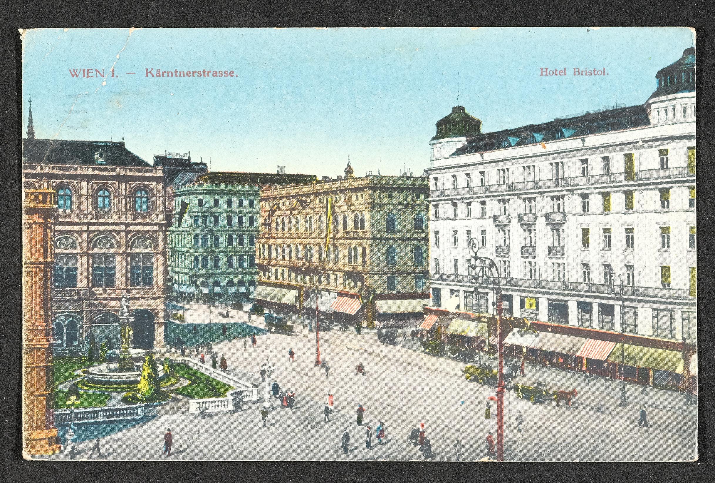 | Beschreibung | Ansichtskarte mit Motiv Wien, Kärntnerstrasse und Hotel Bristol, mit persönlicher Nachricht |
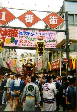 こんばんは はっちゃんです。 4月26日(日)に「赤羽馬鹿祭」で担いで来ました。 【馬鹿祭???】 この祭、地元商店街の「赤羽馬鹿祭実行委員会」の主催の観光祭で、第43回 にもなるのですが、なぜ「馬鹿」祭と呼ばれるんでしょうか。一昨年きたとき も、ことしもいろんな人に聞いたのですが、良くわかりません。 で、例によって実行委員会に電話で聞いて見ました。 はっちゃん「あの〜、なんで馬鹿祭というんでしょうか?」 係の人 「四月は馬鹿でしょ?」 はっちゃん「ええっ?」 係の人 「四月一日はエイプリルフールっていうじゃないですか」 はっちゃん「はぁ〜?!?」 係の人 「昔は四月の初めにあったんですよ。でも雨が多かったり、選挙と 重なったりで最近は4月の終り頃が多いですね。でも去年は雨で したけどね。でもとにかくずっと四月にやってきたんですよ。だ から四月馬鹿なんです。」 はっちゃん「はぁ〜」 4月1日以外の四月馬鹿は珍しいとは思うんですが、まあそれはともか く、「四月馬鹿」に「お祭り馬鹿」が集まる日だと思えばいいんでしょうネ。 それに各商店には「馬鹿安!」「バカ値」のビラがズラット貼ってありました し。 【馬鹿祭!?!】 神事に関係ない観光祭ですから、ミス◯◯の乗ったオープンカーを先頭に、 ブラスバンド、鼓笛隊やいろんな連中のパレードが続きます。鎌倉祭と感じが 似ていますね。駅前ロータリーのテントで開かれたカラオケ大会だって、予選 と決勝があるんですから、出場者も多いんでしょうね。 東京では今シーズン最初の本格的な神輿ですから、神輿協会のおえらがたを 始めいろんな会が、顔見せです。「ご無沙汰です。今年もよろしく。」はっち ゃんも去年お世話になったZさんやRさんにもご挨拶です。 地元の王子ささらばやしがいったあと、いよいよ神輿5基の出番です。狭い 商店街を大振りの神輿がいきます。はっちゃんたち「江戸 祭道」の仲間は一 番最後にあがった陣龍会さんの神輿に入ります。結構担ぎ屋が多いですね。か なりの激戦です。一つ前の神輿は結構すいているようなのですが、半纏が通っ ていないので担げません。もう一つ前の万燈は大丈夫なようですが。 【馬鹿祭!!!】 同好会毎に順番に、前棒をとっていきます。駅前ロータリーにかかったあた りで、「祭道」の番が廻ってきました。一番ギャラリーが多いところです。ラ ッキーですね。張り切って担ぎます。はっちゃんは、丁度みんながそろったあ たりで、棒から抜けて写真をとります。万一に備えて使い捨てカメラ専門で すからいつも、おんなじアングルですけどネ。 最近入会のうら若き「S嬢」もうすっかり会員のアイドルです。バトルの時 は、若い連中みんなでガードですからね〜。おかあさんも神輿のあとをそっと 付いていらしたようです。が、「御心配は御無用ですよ〜。彼女はもうすっか り、みんなの仲間です。でも親子で祭を楽しむためにいらっしゃるんでしたら 大歓迎ですヨ!」.........という訳でみんなの代弁です。 |
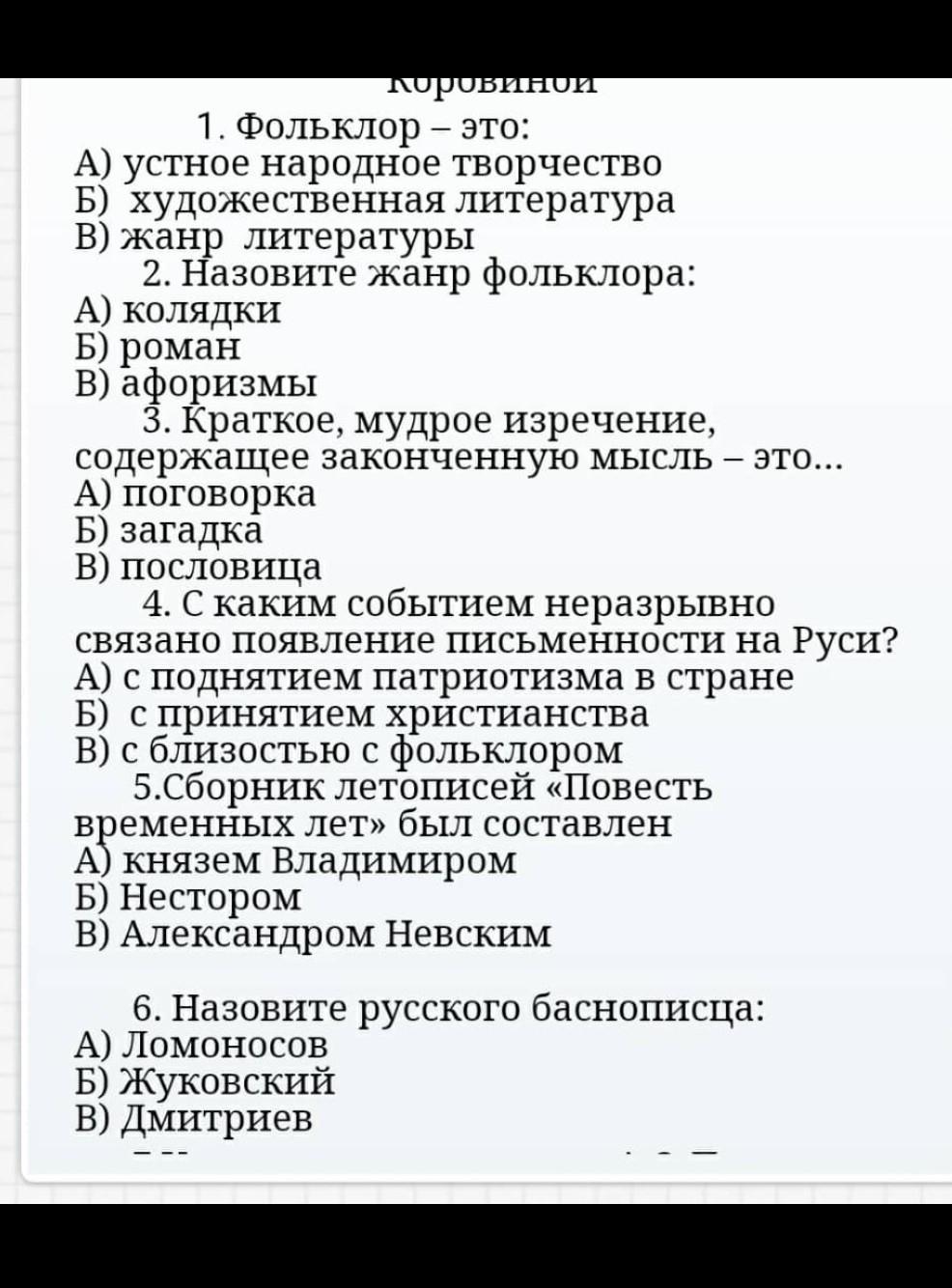 1. А 2. А 3. В 4. Б 5. Б 6. В
_ _ _ _
● **EXERCISE REQUIREMENTS**: Your copy of the material above should be exact and free of pictures.

● **FINAL ANSWER**:
 | Beschreibung | Ansichtskarte mit Motiv Wien, Kärntnerstrasse und Hotel Bristol, mit persönlicher Nachricht |
 こんばんは はっちゃんです。 4月26日(日)に「赤羽馬鹿祭」で担いで来ました。 【馬鹿祭???】 この祭、地元商店街の「赤羽馬鹿祭実行委員会」の主催の観光祭で、第43回 にもなるのですが、なぜ「馬鹿」祭と呼ばれるんでしょうか。一昨年きたとき も、ことしもいろんな人に聞いたのですが、良くわかりません。 で、例によって実行委員会に電話で聞いて見ました。 はっちゃん「あの〜、なんで馬鹿祭というんでしょうか?」 係の人 「四月は馬鹿でしょ?」 はっちゃん「ええっ?」 係の人 「四月一日はエイプリルフールっていうじゃないですか」 はっちゃん「はぁ〜?!?」 係の人 「昔は四月の初めにあったんですよ。でも雨が多かったり、選挙と 重なったりで最近は4月の終り頃が多いですね。でも去年は雨で したけどね。でもとにかくずっと四月にやってきたんですよ。だ から四月馬鹿なんです。」 はっちゃん「はぁ〜」 4月1日以外の四月馬鹿は珍しいとは思うんですが、まあそれはともか く、「四月馬鹿」に「お祭り馬鹿」が集まる日だと思えばいいんでしょうネ。 それに各商店には「馬鹿安!」「バカ値」のビラがズラット貼ってありました し。 【馬鹿祭!?!】 神事に関係ない観光祭ですから、ミス◯◯の乗ったオープンカーを先頭に、 ブラスバンド、鼓笛隊やいろんな連中のパレードが続きます。鎌倉祭と感じが 似ていますね。駅前ロータリーのテントで開かれたカラオケ大会だって、予選 と決勝があるんですから、出場者も多いんでしょうね。 東京では今シーズン最初の本格的な神輿ですから、神輿協会のおえらがたを 始めいろんな会が、顔見せです。「ご無沙汰です。今年もよろしく。」はっち ゃんも去年お世話になったZさんやRさんにもご挨拶です。 地元の王子ささらばやしがいったあと、いよいよ神輿5基の出番です。狭い 商店街を大振りの神輿がいきます。はっちゃんたち「江戸 祭道」の仲間は一 番最後にあがった陣龍会さんの神輿に入ります。結構担ぎ屋が多いですね。か なりの激戦です。一つ前の神輿は結構すいているようなのですが、半纏が通っ ていないので担げません。もう一つ前の万燈は大丈夫なようですが。 【馬鹿祭!!!】 同好会毎に順番に、前棒をとっていきます。駅前ロータリーにかかったあた りで、「祭道」の番が廻ってきました。一番ギャラリーが多いところです。ラ ッキーですね。張り切って担ぎます。はっちゃんは、丁度みんながそろったあ たりで、棒から抜けて写真をとります。万一に備えて使い捨てカメラ専門で すからいつも、おんなじアングルですけどネ。 最近入会のうら若き「S嬢」もうすっかり会員のアイドルです。バトルの時 は、若い連中みんなでガードですからね〜。おかあさんも神輿のあとをそっと 付いていらしたようです。が、「御心配は御無用ですよ〜。彼女はもうすっか り、みんなの仲間です。でも親子で祭を楽しむためにいらっしゃるんでしたら 大歓迎ですヨ!」.........という訳でみんなの代弁です。 |
 1. А 2. А 3. В 4. Б 5. Б 6. В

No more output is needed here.